- _ACTION ITEM_
Write the listing out again word for word, skipping each picture.

- _DATASET EXTRACT_

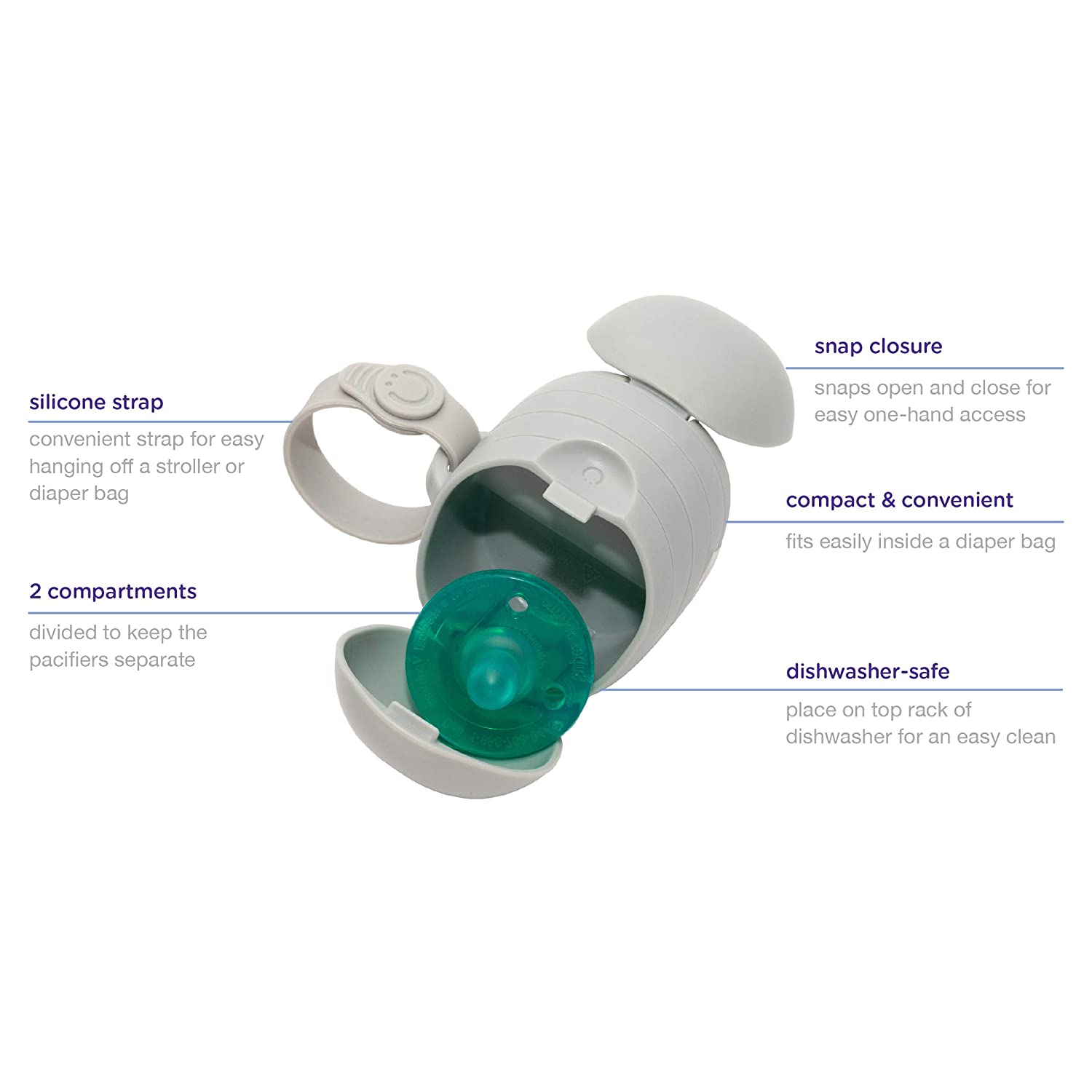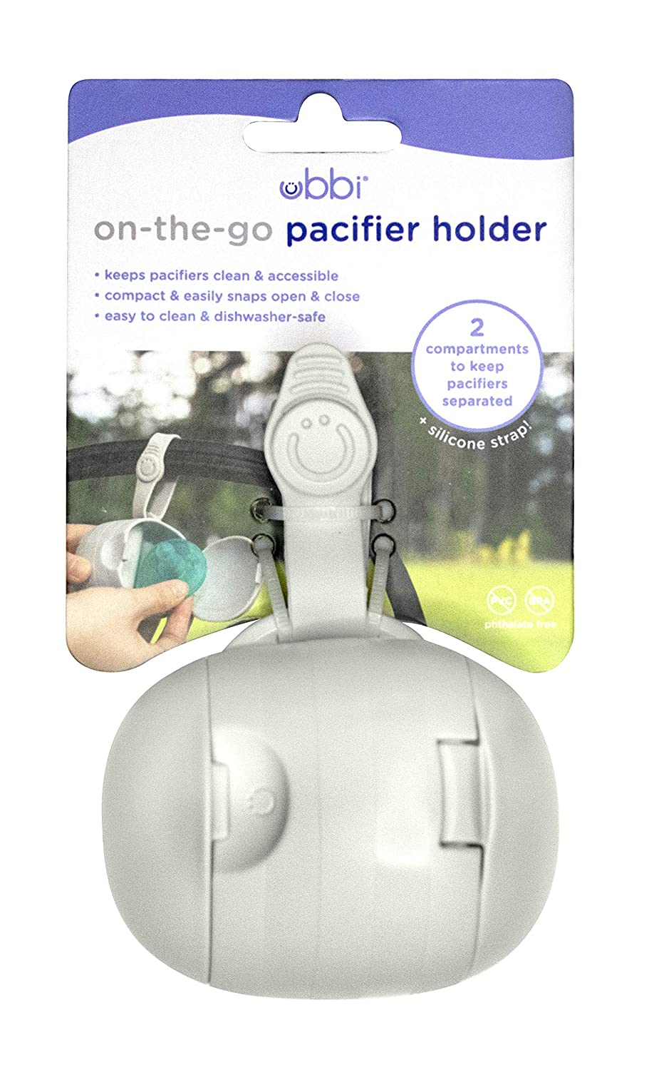 The Ubbi On-the-Go Pacifier Holder keeps pacifiers clean and accessible while you're out and about! Equipped with 2 compartments to keep the pacifiers separated and a silicone strap for easy hanging from a stroller or diaper bag. The pacifier holder is compact and easily snaps open and close and is easy to clean as well as dishwasher safe. About us: Ubbi is a globally recognized brand, designing innovative and creative products with parents and children in mind. Under the Ubbi name, you will find unique, quality products that are easy to use, and simplify parents' lives while keeping babies happy and safe as can be. Our steel, odor locking diaper pail was a first on the market in 2011, and has become our flagship item. With the same customer focused philosophy and innovative design capabilities, we have expanded into a variety of product categories: feeding, modern and trendy on-the-go items, bath toys and functional accessories. From concept to final creation, the Ubbi team works together every step of the way to bring the best in design and value.
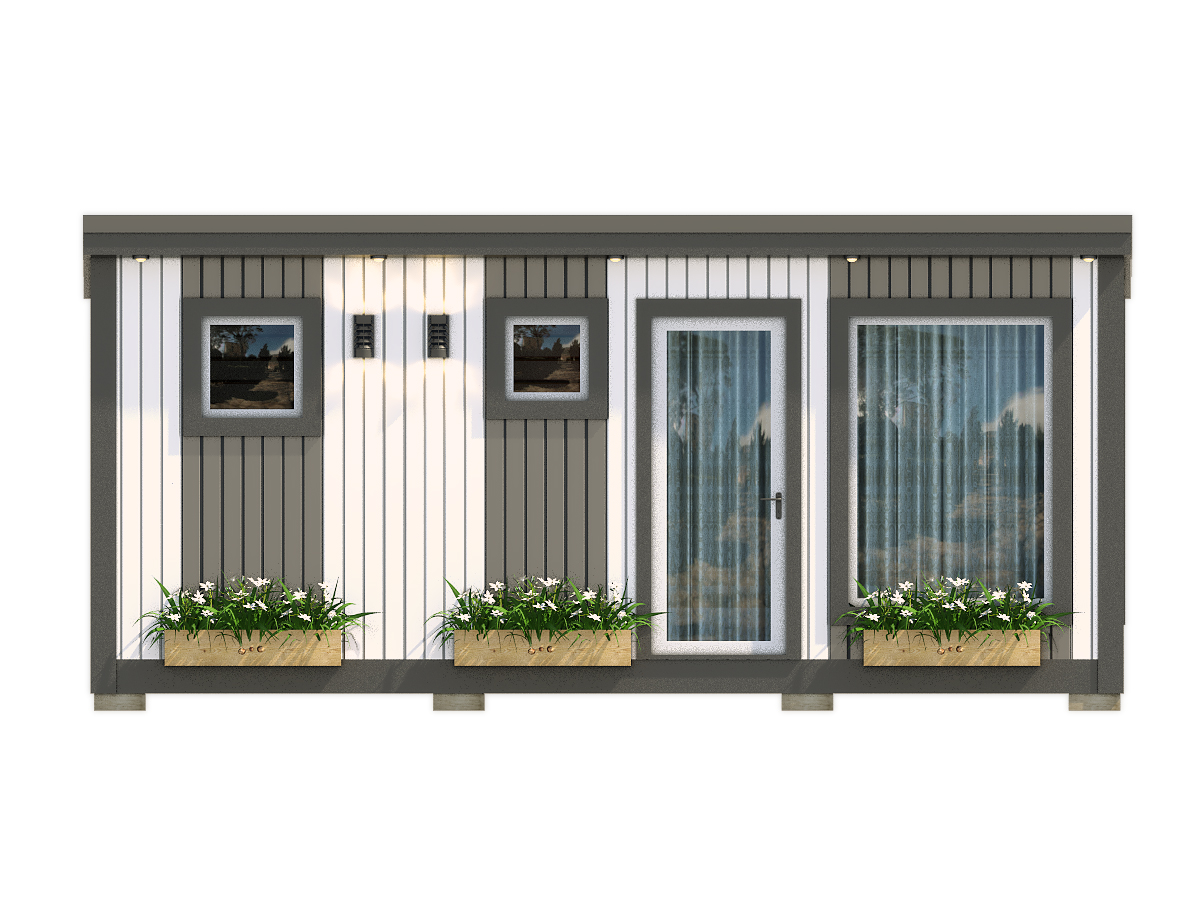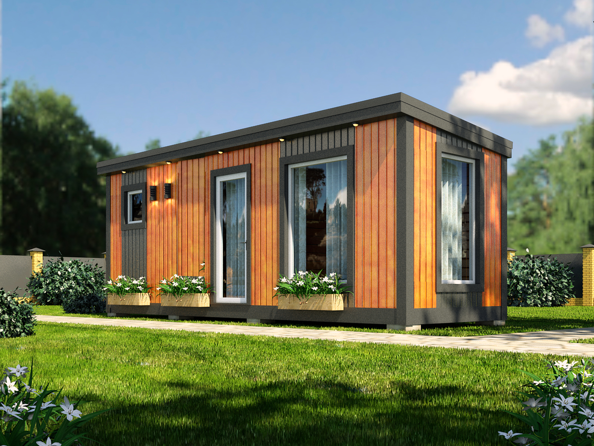 Каркасная баня Лофт-5 с автономным душем — современная каркасная баня с размером 7х2,3 и площадью 16,1 м². Этот формат дает удобный баланс между компактной посадкой на участке, комфортной планировкой и полноценным банным отдыхом.
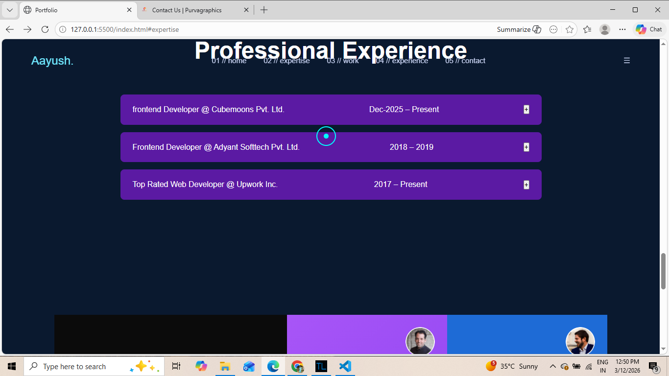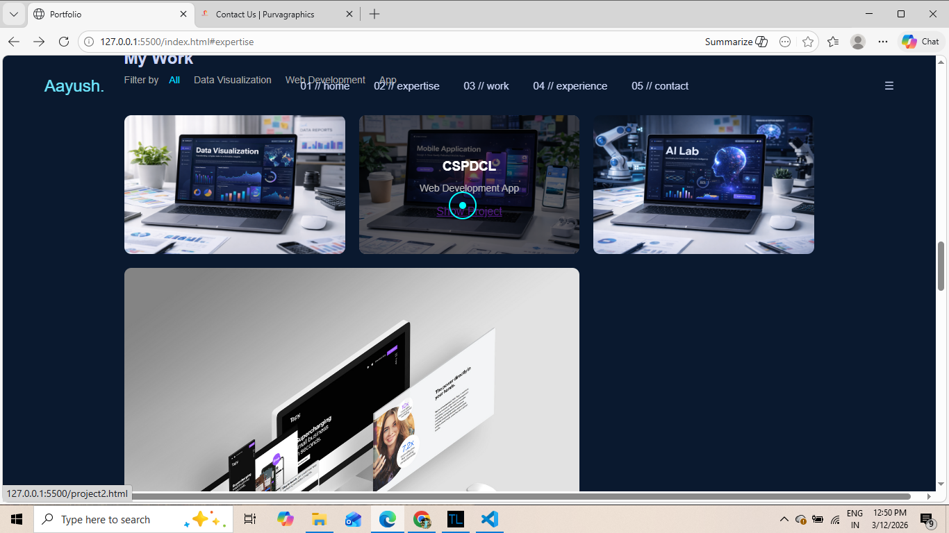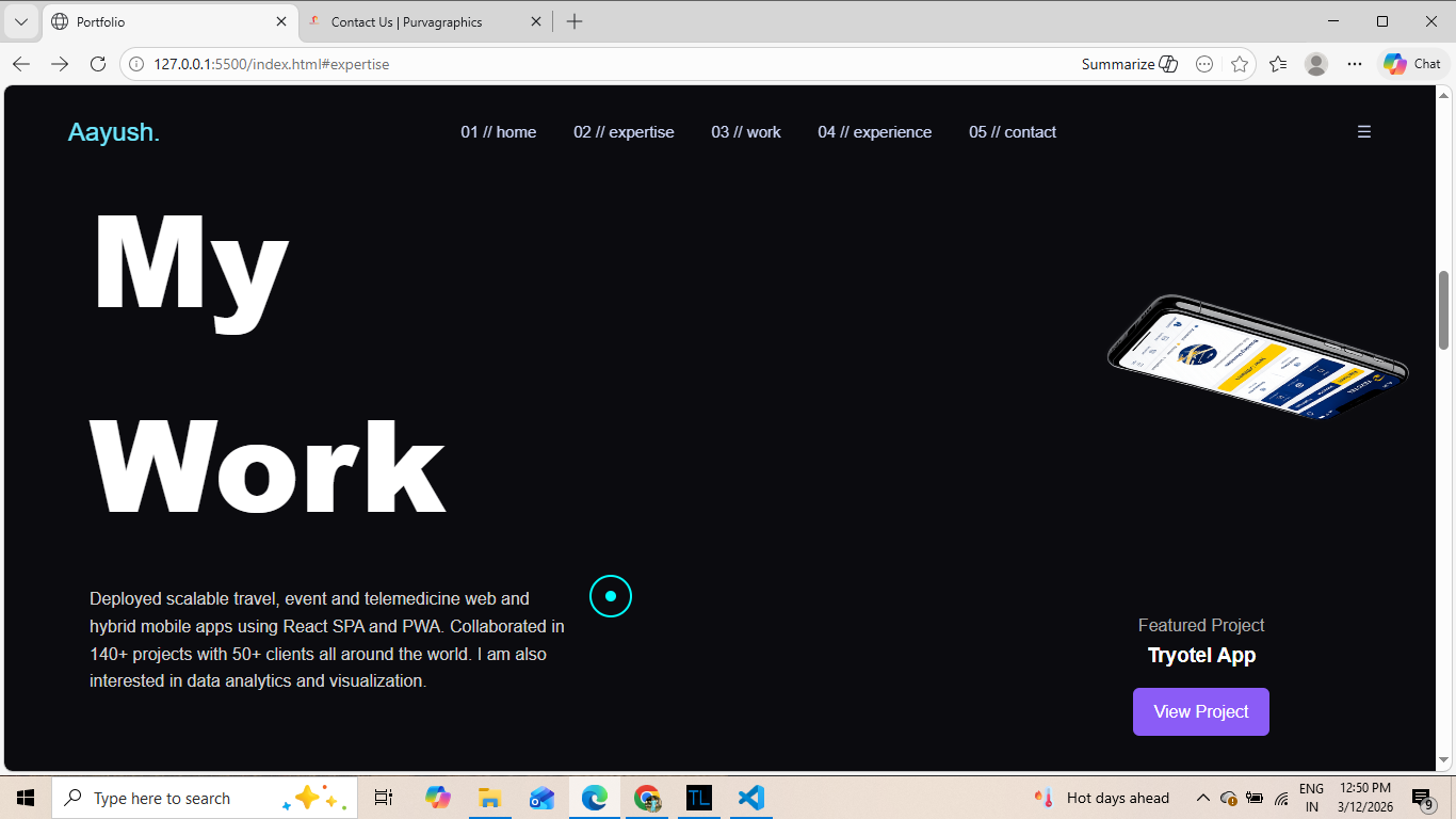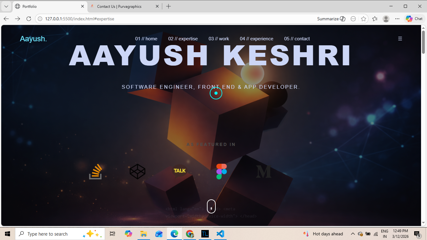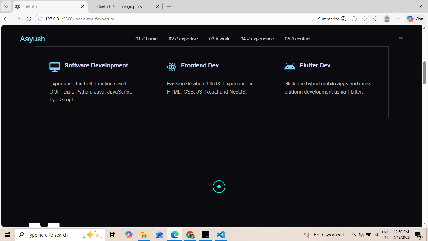 This project is a personal developer portfolio website created to showcase my projects, skills and contact information. The website includes project sections, animations and responsive design.
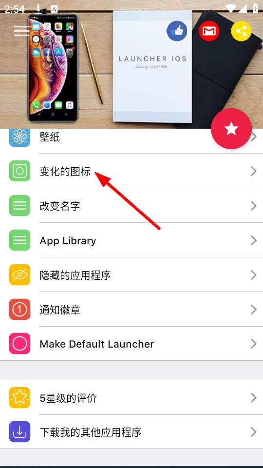 1、打開ios launcher15,點(diǎn)變化的圖標(biāo)改應(yīng)用圖標(biāo)樣式。

- _SOLUTION_
 The Ubbi On-the-Go Pacifier Holder keeps pacifiers clean and accessible while you're out and about! Equipped with 2 compartments to keep the pacifiers separated and a silicone strap for easy hanging from a stroller or diaper bag. The pacifier holder is compact and easily snaps open and close and is easy to clean as well as dishwasher safe. About us: Ubbi is a globally recognized brand, designing innovative and creative products with parents and children in mind. Under the Ubbi name, you will find unique, quality products that are easy to use, and simplify parents' lives while keeping babies happy and safe as can be. Our steel, odor locking diaper pail was a first on the market in 2011, and has become our flagship item. With the same customer focused philosophy and innovative design capabilities, we have expanded into a variety of product categories: feeding, modern and trendy on-the-go items, bath toys and functional accessories. From concept to final creation, the Ubbi team works together every step of the way to bring the best in design and value.
 Каркасная баня Лофт-5 с автономным душем — современная каркасная баня с размером 7х2,3 и площадью 16,1 м². Этот формат дает удобный баланс между компактной посадкой на участке, комфортной планировкой и полноценным банным отдыхом.
 This project is a personal developer portfolio website created to showcase my projects, skills and contact information. The website includes project sections, animations and responsive design.
 1、打開ios launcher15,點(diǎn)變化的圖標(biāo)改應(yīng)用圖標(biāo)樣式。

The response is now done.